第4章 ♡太陽差す場所。陰る場所
『そんな...俺、お礼を言われることなんて...』
「ふふっ、私にとってはお礼を言いたくなる事だったんです。
あ、そういえば、羊さんはどうしてここに?
何か用事があった訳ではないんですか...?」
『あ!!そうだった...!
お、俺のせいでこんな時間になってしまって本当に申し訳ないんだけど、朝食...机に置いてあるから食べて欲しいんだ。
もう...本当にごめん。ちょっとした昼食レベルの時間だよね...』
「そんなっ!昨日に引き続き今日まで...!
お手数お掛けしました...!」
『ううん。あ!あとね!一応、言っておく、けど...俺、めるちゃんのお風呂、変な意味での、のの覗いたわけじゃないからねっ!!
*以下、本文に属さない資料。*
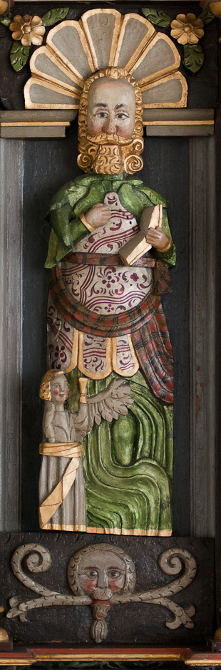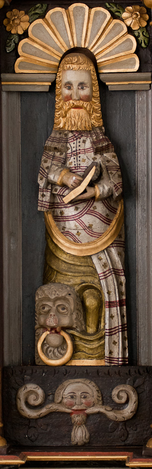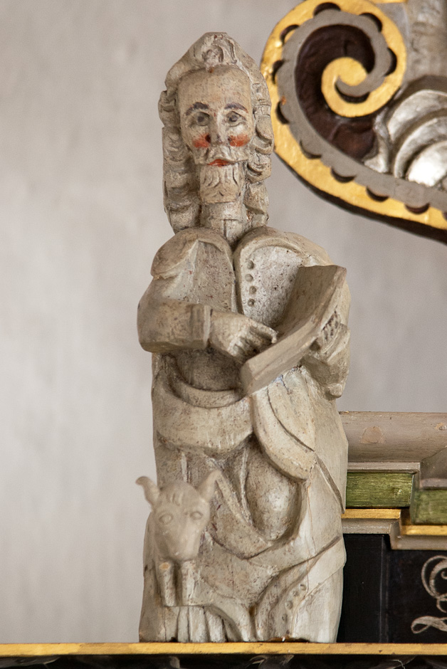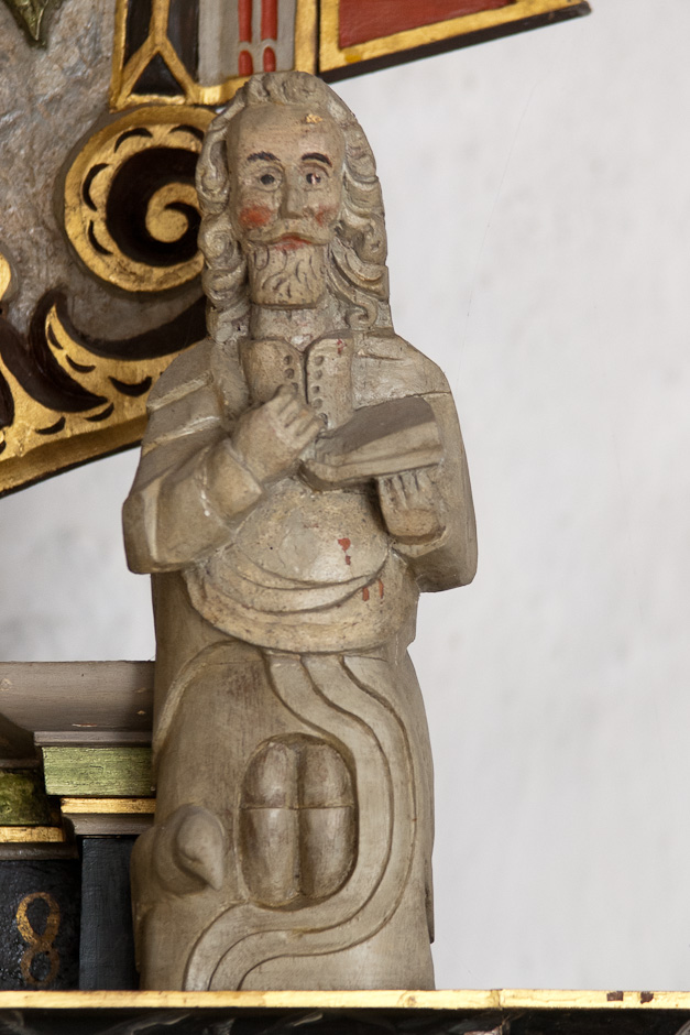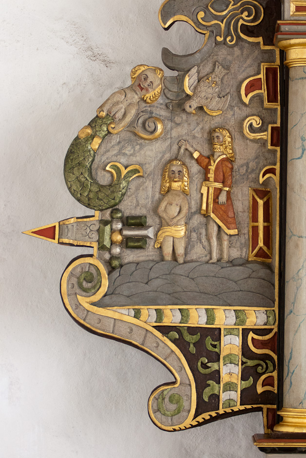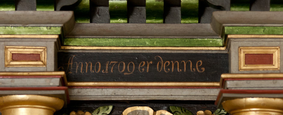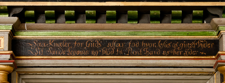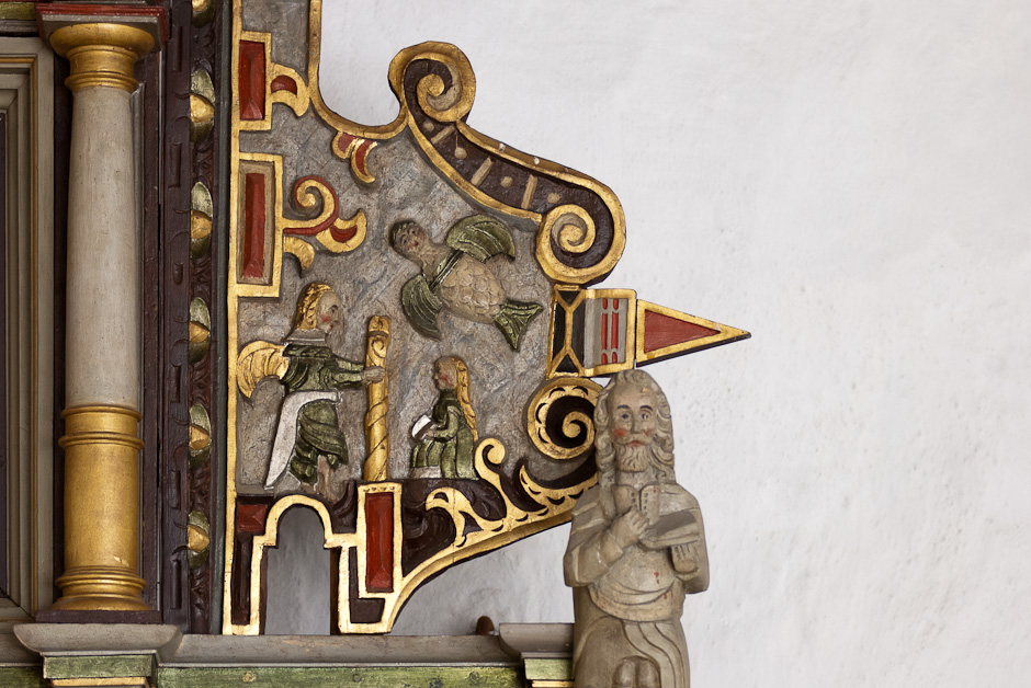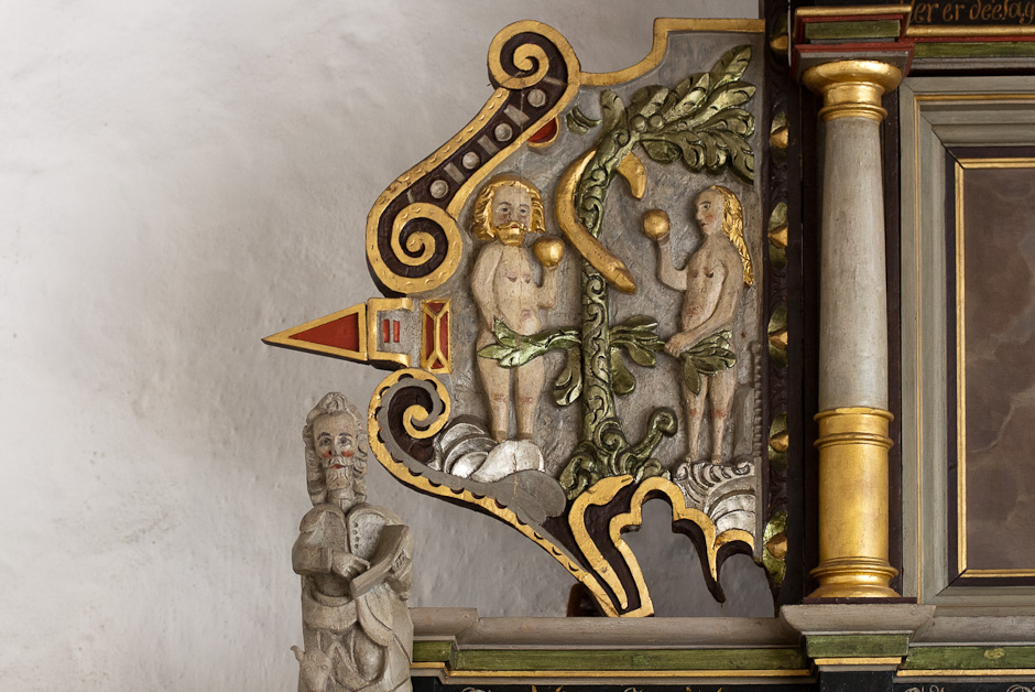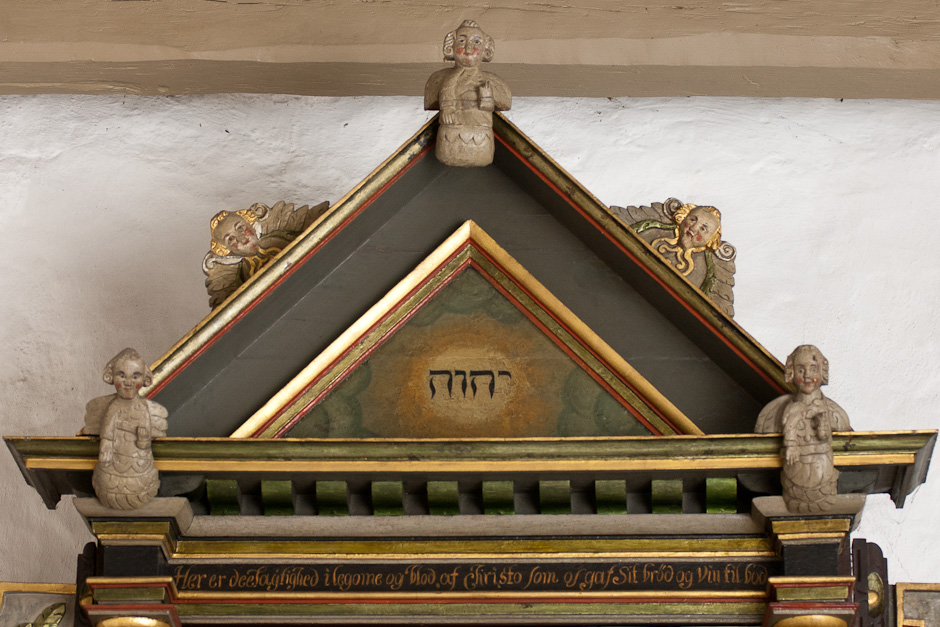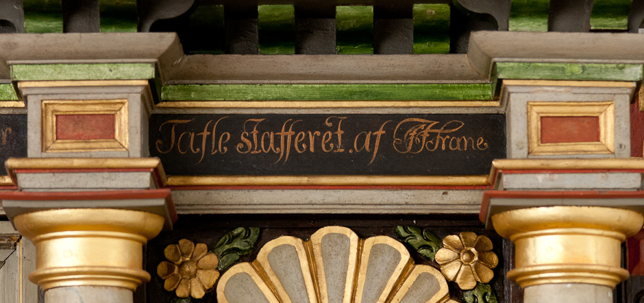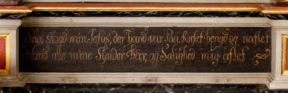 En maler fra Thisted fik i 1619 betaling for at staffere altertavlen. I 1709 stafferede Jens Thrane både altertavle og prædikestol. Se storgesimsen. Rimene stammer fra Thranes hånd:

その...部屋ノックしたんだけど返事がなくて、部屋の鍵が開いてるみたいだったから
朝食だけ置かせて貰おうと思って中に入ったらお風呂場から自殺...みたいな声が聞こえて......って、そうだ!自殺!めるちゃん、大丈夫っ!!?』
ハッとした羊にガバッと肩を掴まれる。
「あ...そ、それは...し、心配しないでください…!」
『心配しないでって...そんなの無理だよ!
何かあったら言ってって俺言ったじゃん!』
「いや、その...!
本当に、大丈夫ですから...!」
この屋敷に来てから、何度も無理やりに襲われ困っている......なんて話を人に、それもこれほどまでに純粋な羊に、到底話せるはずもなく、焦って笑顔を取り繕う。
そんなぎこちない笑顔を見て、
羊は悲しそうに眉を寄せた。
そして、ゆっくりと手を伸ばしー
『めるちゃん............よしよし』
優しく頭を撫でるその手は、
やはり日だまりのように暖かかった。
「.........」
その心地良さに、優しさに、
何故か目頭が熱くなるのを
めるはぎゅっと堪える。
『俺、本当にちっぽけでさ......
全然何もできないんだけど、でも...
何故かめるちゃんに初めて会ったとき、
この子のことは大切にしないと、守らないとって思ったんだ。』